- Florence Jean-Jacobs
Principal Economist
Consumers Keep Spending Despite Higher Gas Prices
Highlights
- Retail sales increased by 0.5% m/m in April, one tick below Statistics Canada’s earlier flash estimate and the survey of economic forecasters (0.6%).
- Excluding price growth, retail sales volumes were flat in April (graph).
- Nominal sales were driven upward by gasoline stations and fuel vendors (+5.1%) and motor vehicle and parts dealers (+1.7%). See table for details.
- Nominal sales at gas stations were primarily boosted by prices, but volumes also rose in the month. Because retail trade data exclude sales tax, the temporary suspension of the federal fuel excise tax, starting April 20, didn’t introduce price effects. Although it is possible that its removal influenced volume purchases and freed up some room in household budgets for other purchases.
- Core retail sales—which exclude autos and gas—posted a second consecutive monthly decline (-0.7%). Gains at gardening and building material retailers were more than offset by lower receipts at food and beverage, general merchandise, and sporting goods and miscellaneous retailers.
- April retail sales were up in Alberta, Quebec and Ontario, yet declined in the Toronto CMA.
- Statistics Canada’s advance indicator points to a solid 1.0% increase in May. However, it’s too early to tell if this is mostly driven by higher prices.
Implications
Canadian consumers continue to demonstrate resilience, despite the multiple headwinds facing the economy. The first quarter proved positive, with real retail sales growing 5.0% q/q annualized. And after falling 0.6% m/m in March, retail volumes remained steady to begin Q2. The advance indicator for May is also encouraging. Were CPI goods prices to have advanced at a similar pace than in April (0.7%, seasonally adjusted), it would suggest a return to positive retail volume growth in May. Another positive sign for May is the sizeable job creation in the Canadian economy that month.
The April momentum in auto sales came as a welcome surprise, since dealerships had been reporting depressed volume sales so far this year compared to 2025. In May, the first 2,910 Chinese EVs entered Canada under the new trade agreement, although most will only be reflected in sales figures in June, according to DesRosiers Automotive Consultants.
Slower population growth remains a headwind. So is the uncertain trade outlook. And despite a possible resolution to the conflict in Iran, gasoline prices will likely remain elevated this year, reducing consumer purchasing power.

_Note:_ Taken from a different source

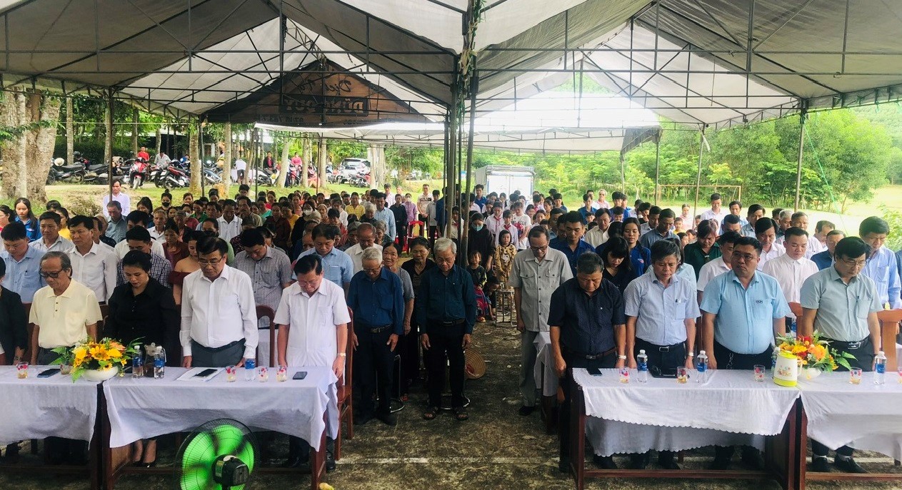 (Ảnh: Các đại biểu và nhân dân thôn Linh Cang mặc niệm tưởng nhớ Tổng Bí thư)

But other factors should help cushion the negative impact on disposable incomes in the coming months, including fiscal transfers to households eligible for the Canada Groceries and Essentials Benefit. Domestic tourism and retail activity surrounding major sporting events could also provide a boost.
In all, we expect household consumption to continue to contribute positively to GDP growth in Q2 and Q3, as it did in the past two quarters. After today’s release, we are tracking real GDP growth of around 1.5% annualized in Q2 2026, as per our latest Economic and Financial Outlook.